Draft legislation from Australia’s Department of Treasury has proposed limits on cash payments exceeding $10,000. Interestingly, cryptocurrency is not negatively mentioned in the document.


Australia Moves to Limit the Size of Cash Payments

Australia’s Department of Treasury recently published a new set of preliminary guidelines that govern the size of cash-based currency payments. The draft legislation proposes that a “payment limit of $10,000 for payments made or accepted by businesses for goods and services”.

The draft further stipulates that “transactions equal to, or in excess of this amount would need to be made using the electronic payment system or by cheque.” 

In 2018 the Treasury Department’s  Black Economy Taskforce proposed that implementing limits on currency transfers would significantly assist with combating tax evasion and other criminal activities. 

Cryptocurrency Makes the Exceptions List

The proposal also provides a detailed list of situations under which payments are not subject to the cash payment limit:

  • payments related to personal or private transactions (other than transactions involving real property);
  • payments that must be reported by an entity under anti-money laundering and counter-terrorism legislation, provided, broadly, the entity with a reporting obligation complies (or is reasonably believed to have complied) with their obligations under that legislation;
  • payments made or accepted by a public official in which the public official is legally required to make or accept cash payment in the course of their duties;
  • payments that exceed the cash payment limit because the payment is part of a transaction involving collecting, holding or delivering cash and this is undertaken in the course of an enterprise of collecting or delivering cash
    (i.e., providing cash-in-transit services);
  • payments that only exceed the cash payment limit because payment is or includes an amount of digital currency; and
  • payments that occur in situations where no alternative method of payment could reasonably be used.

Interestingly, one will note that cryptocurrency is not listed as a form of payment in need of additional oversight or restrictions. Typically, cryptocurrency is synonymously looped into discussions and legislation focused on illicit activity, money laundering, and terrorist funding.

In this case, cryptocurrency as a payment option falls under the second exception setting “payments that must be reported by an entity under anti-money laundering and counter-terrorism legislation.” As is common knowledge, the majority of major cryptocurrency exchanges have complied with the government’s requirement that exchanges implement adequate know-your-customer (KYC) and anti-money-laundering (AML) processes. 

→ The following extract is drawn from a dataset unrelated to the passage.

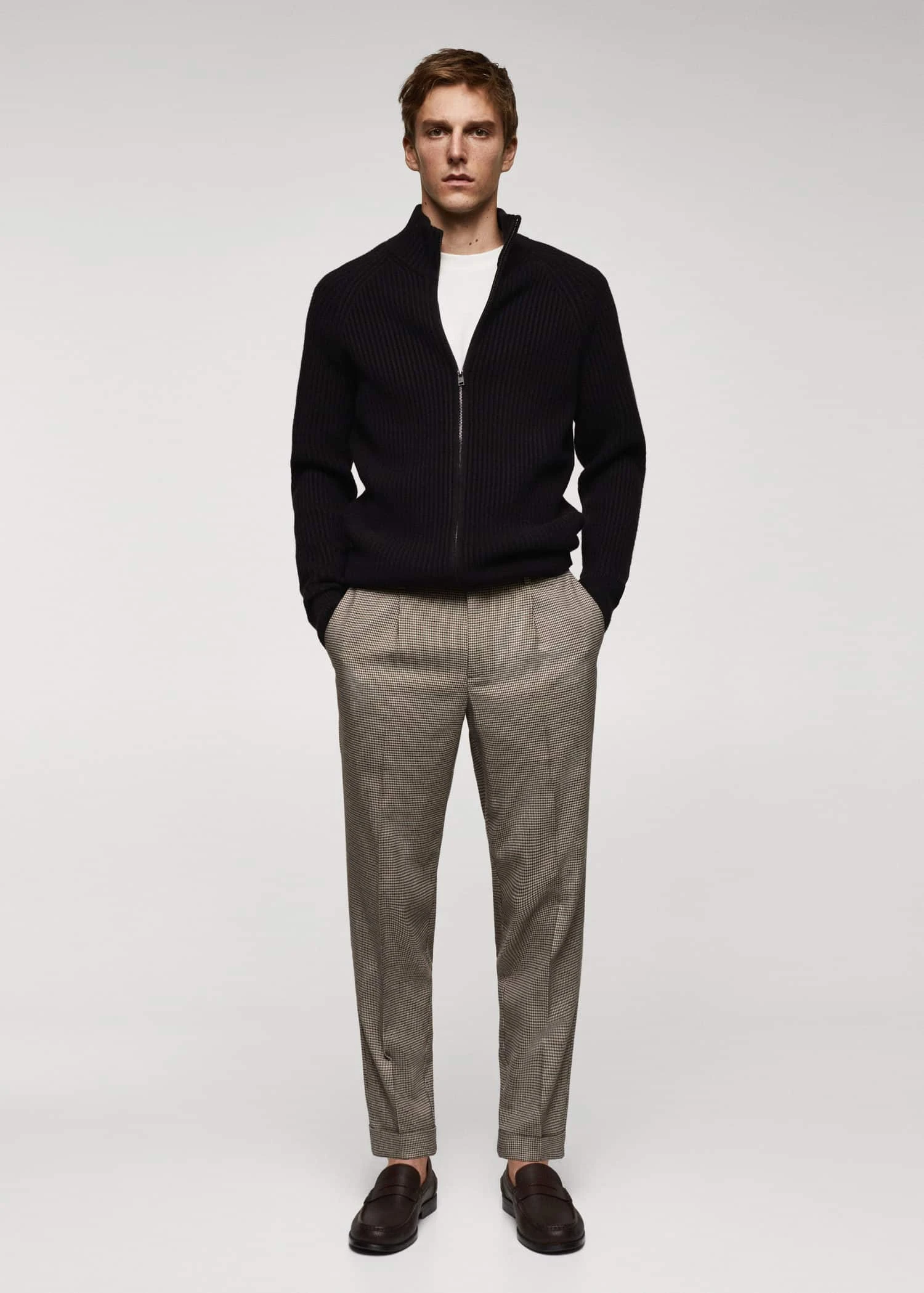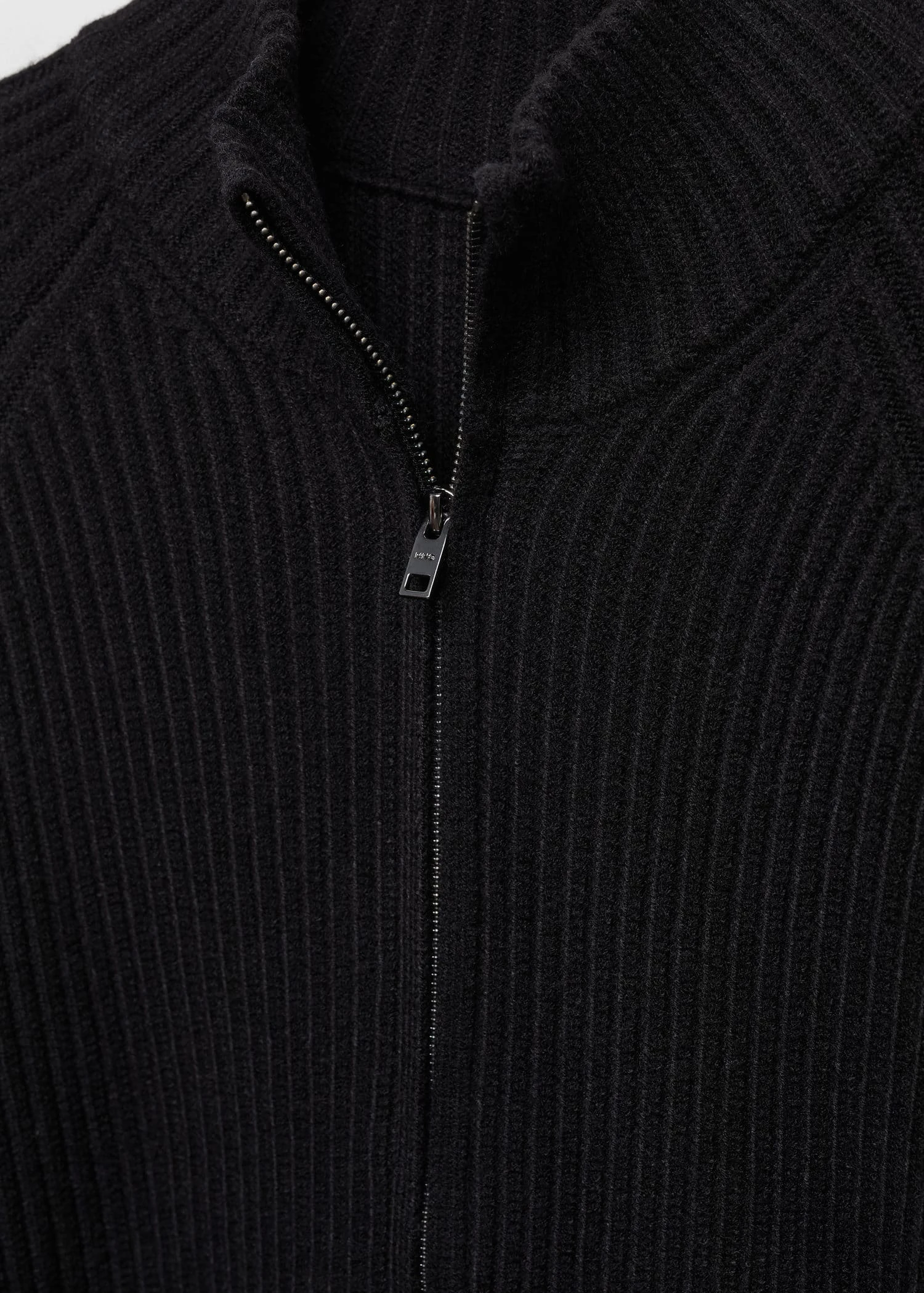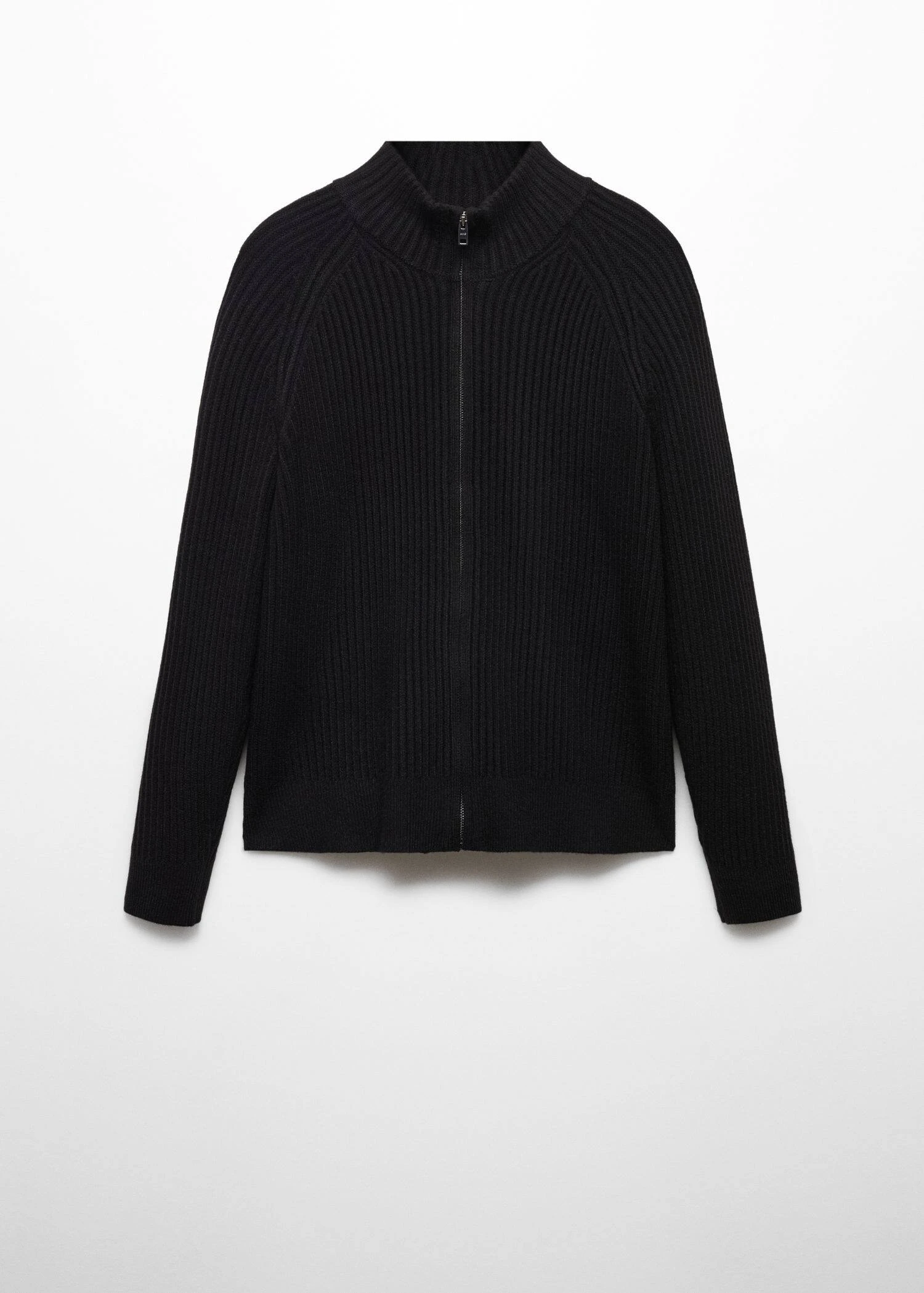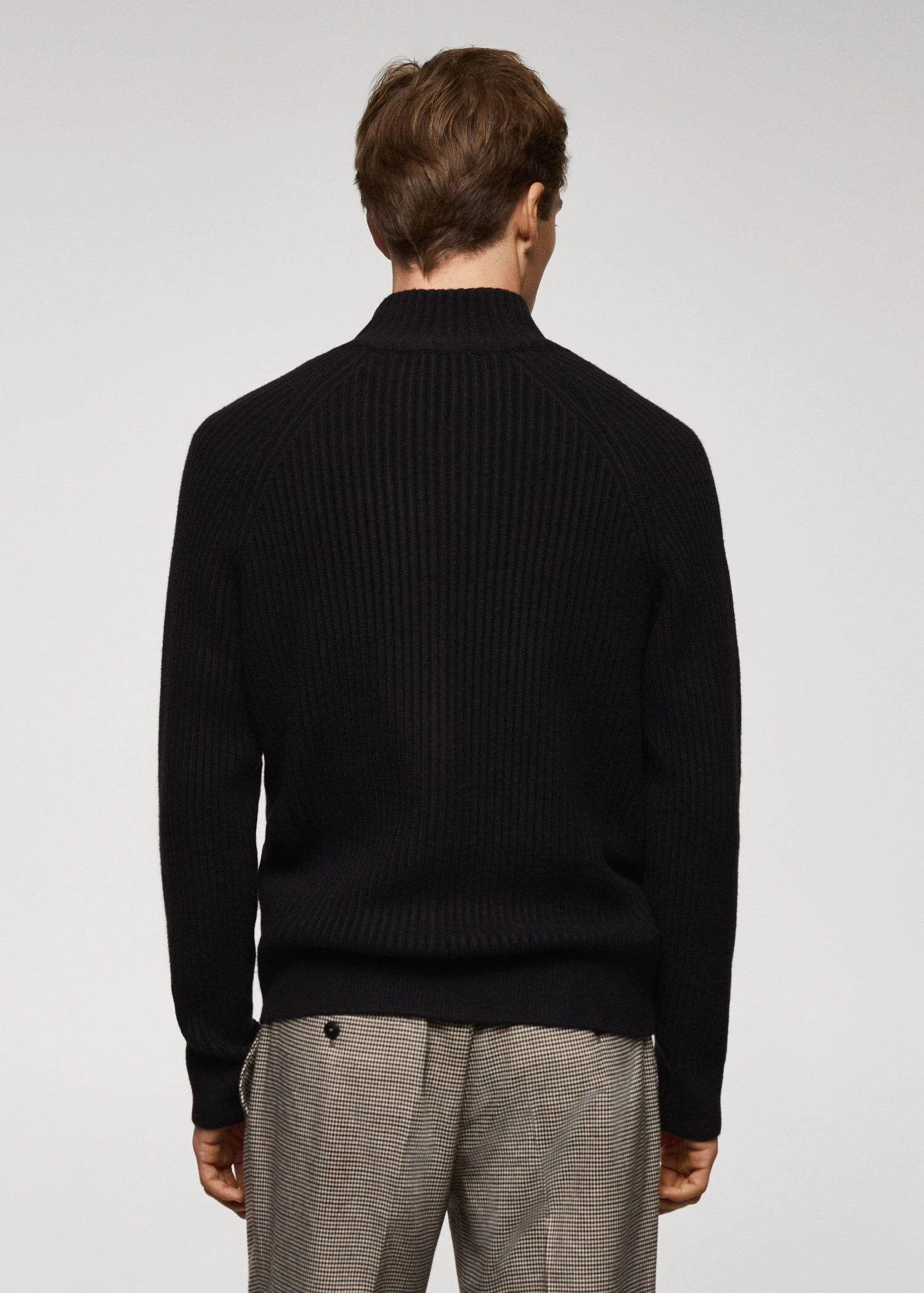 tissu de laine melange, maille moyenne, slim-fit, cotele, col montant, fermeture eclair a l’avant, manches longues, bas droit, le mannequin mesure 190 cm et porte une taille mComposition: 49% acrylique,23% polyester,18% polyamide,5% laine,5% viscose

Australia Believes Crypto Needs Room to Grow

Section 9 of the draft legislation provides greater clarity on digital payments, along with the specifics of their exemption from the cash payment limit. According to a document released by the Department of Treasury: 

Digital currency is a new and developing area in the Australian economy. Unlike physical currency, it does not have a firmly established regulatory framework or industry structure. This makes it difficult to apply the cash payment limit in a way that would not largely prevent the use of digital currency in Australia or significantly stifle innovation in the sector.

At the same time, there is little current evidence that digital currency is presently being used in Australia to facilitate black economy activities. Given this, the Government has decided at the present time to effectively carve digital currency out from the cash payment limit.

This position will remain under ongoing scrutiny to ensure that the exemption for digital currency payments remains appropriate in light of the current use of digital currency in the Australian economy.

The Department of Treasury website clarified that the draft was “released for public consultation” and the government is planning to implement the cash payment limit starting on 1 January 2020. The public is encouraged to submit opinions to the consultation and all inquiries must be submitted by August 12, 2019. 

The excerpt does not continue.